The BPM Complete Program includes full access to the modules listed below:
Making an effective pain diagnosis: a whole person approach: Understand the importance of a whole-person approach to pain assessment and its complexities, including a modern 'sociopsychcobiomedical' perspective of the pain experience and how to recognize key pathophysiological pathways that underly pain. Develop techniques for a more skillful patient communication of your diagnosis.
The impact and management of psychological factors in pain: Recognise and determine the presence of psychological comorbidities in patients with persistent pain. Learn how to assess patients at a heightened risk of progression to long-term distress and disability - using a system of red and yellow flags. Understand the role of pharmacological and non-pharmacological therapies in pain management.
A whole person approach to chronic pain: Competently perform a thorough patient assessment and manage complex chronic pain presentations. Further examine this multi-dimensional condition involving thoughts, behaviours, nutrition and other perspectives that directly influence the physical processing of pain. Educate patients on multidisciplinary pain management.
Identification and management of neuropathic pain in the primary care setting: Use a systematic assessment approach to diagnose neuropathic pain, including how to distinguish between neuropathic and nociceptive pain. Develop treatment plans to address common comorbidities, together with a rational choice of investigations in the diagnostic process, knowing when referral is indicated.
Identification and management of low back pain in the primary care setting: Develop an evidence-based approach to assessing low back pain using practical and time-efficient strategies. Specialist clinicians demonstrate how to further define clinical problems using structured physical examinations. Understand why a multimodal vs unimodal approach to low back pain presentations is likely to be more effective.

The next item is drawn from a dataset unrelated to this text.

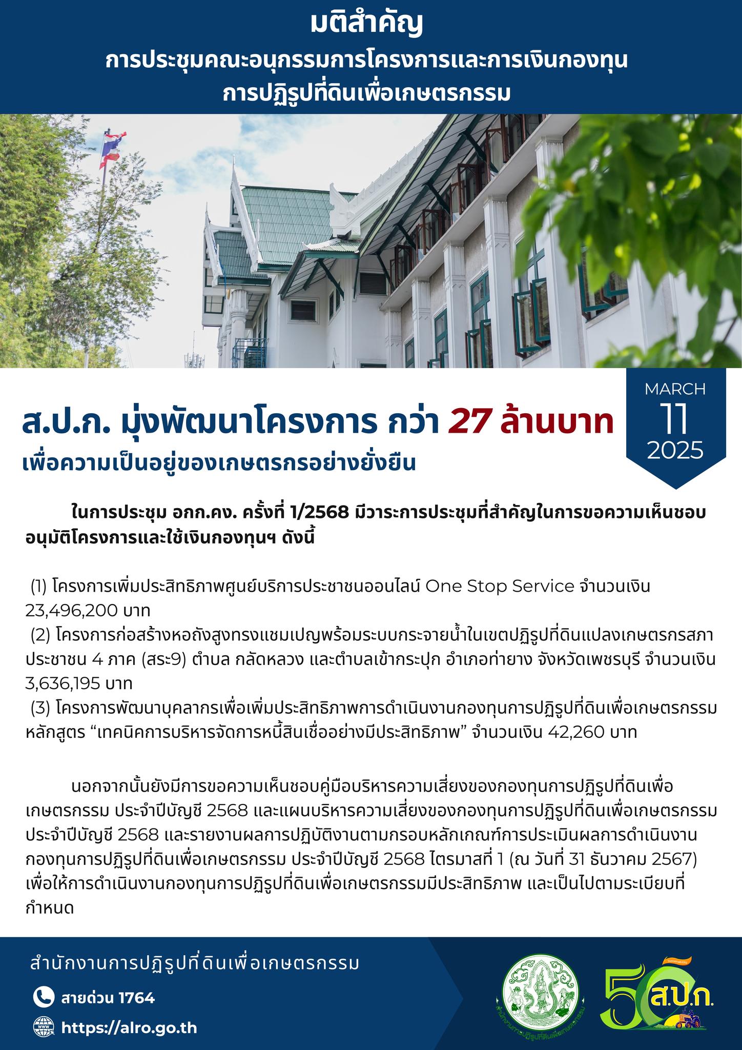 วันอังคารที่ 11 มีนาคม พ.ศ. 2568 เวลา 13.00 น. นางรจนพรรณ ณรงค์อินทร์ ปฏิรูปที่ดินจังหวัดเพชรบุรี มอบหมายให้นางสาวขวัญใจ เพชรสวน ผู้อำนวยการกลุ่มยุทธศาสตร์และการปฏิรูปที่ดิน นายศุภกิจ แก้วทรงเกษ ผู้อำนวยการกลุ่มงานช่างและแผนที่ เข้าร่วมประชุมคณะอนุกรรมการโครงการและการเงินกองทุนการปฏิรูปที่ดินเพื่อเกษตรกรรม ครั้งที่ 1/2568 ผ่านสื่ออิเล็กทรอนิกส์ โปรแกรม Zoom Meeting ณ สำนักงานการปฏิรูปที่ดินจังหวัดเพชรบุรี โดยมี นายเศรษฐเกียรติ กระจ่างวงษ์ เลขาธิการสำนักงานการปฏิรูปที่ดินเพื่อเกษตรกรรม (ส.ป.ก.) เป็นประธานการประชุม ในส่วนของ ส.ป.ก.เพชรุบุรี ได้รับอนุมัติงบประมาณเพื่อดำเนินโครงการก่อสร้างหอถังสูงทรงแชมเปญพร้อมระบบกระจายน้ำในเขตปฏิรูปที่ดินแปลงเกษตรกรสภาประชาชน 4 ภาค (สระ 9 ) ตำบลกลัดหลวง และตำบลเขากระปุก อำเภอท่ายาง จังหวัดเพชรบุรี
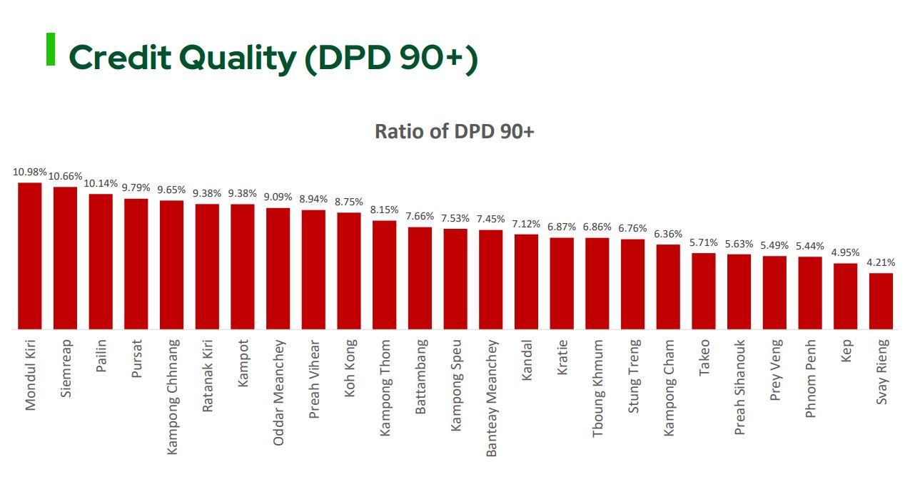 យោងតាមរបាយការណ៍របស់ CBC ខេត្តដែលជួបប្រទះការសងត្រឡប់យឺតជាង ៩០ថ្ងៃច្រើនជាងគេ គឺខេត្តមណ្ឌលគិរី មានអត្រា១០.៩៨% បន្ទាប់មកខេត្តសៀមរាប ស្ថិតក្នុងអត្រា ១០.៦៦% ខណៈប៉ៃលិនស្ថិតនៅលំដាប់ទី៣ ស្ថិតក្នុងអត្រា ១០.១៤%។ ចំណែករាជធានីភ្នំពេញ ដែលមានឥណទានខ្ពស់ជាង គឺគុណភាពឥណទាននៅតែល្អប្រសើរ ក្នុងអត្រា ៥.៤៤% ហើយខេត្តដែលជួបប្រទះការសងត្រឡប់យឺតជាង៩០ថ្ងៃ ទាបជាងគឺស្វាយរៀង មានអត្រា ៤.២១% ។

Opioids in pain management: Develop clearer decision-making in opioids prescribing for those with non-malignant chronic pain. Learn best practice pain management techniques for clinically-responsible patient outcomes, whilst reducing opioid dependence and harm. FPM pain specialists show how to use non-pharmacological therapies, optimizing opioid treatment plans.
Pharmacology of pain medicine: Understand the pathophysiology of pain and how different types of medication can target the pain pathway. Execute a more targeted approach to the choice of pharmacological treament, matching drug therapies with the underlying causititive mechanisms of pain - avoiding sub-optimal patient outcomes that may be due to higher doses of ineffective drugs.
Non-joint musculoskeletal pains: Capturing less understood causes of chronic musculoskeletal conditions, learn how to better manage pain associated with trauma, postural strain, repetition and age-related changes to the integrity of structures. Includes common types of non-rheumatological causes of musculoskeletal pain, with their pathological mechanisms and diagnosis.
Post-discharge acute pain management: Develop your skills in the ongoing management of acute or traumatic pain, post-surgical. With increasing early recovery protocol trends, learn to support and manage discharge patients under your care. Understand professional requirements of managing post-surgical acute pain in the community, with risks/benefits of opioids in managing pain.
Understanding pain-related procedures: Uncover and understand the indications for interventional procedures used in the diagnosis and treatment of chronic pain. Commonly performed management procedures for pain reduction are explained in detail, and you will acquire skills for informing patients about these procedures - managing expectations of their efficacy.
High-dose problematic opioid use: Now a complex problem globally, FPM specialists help you recognise high-dose use and manage risk factors for addiction. Accurately describe the features and importance of 'aberrant behaviour' in patients on high dose opioid therapy, then develop skills for managing problematic use, particularly with vulnerable patients.
Pain in children: Effectively managing pain in children requires an in depth knowledge of their pain physiology and wider social influences. Prevent and manage acute pain, common episodic or recurrent pain problems. Improve your practice by identifying the consequences of pain during development from premature infants to adolescents.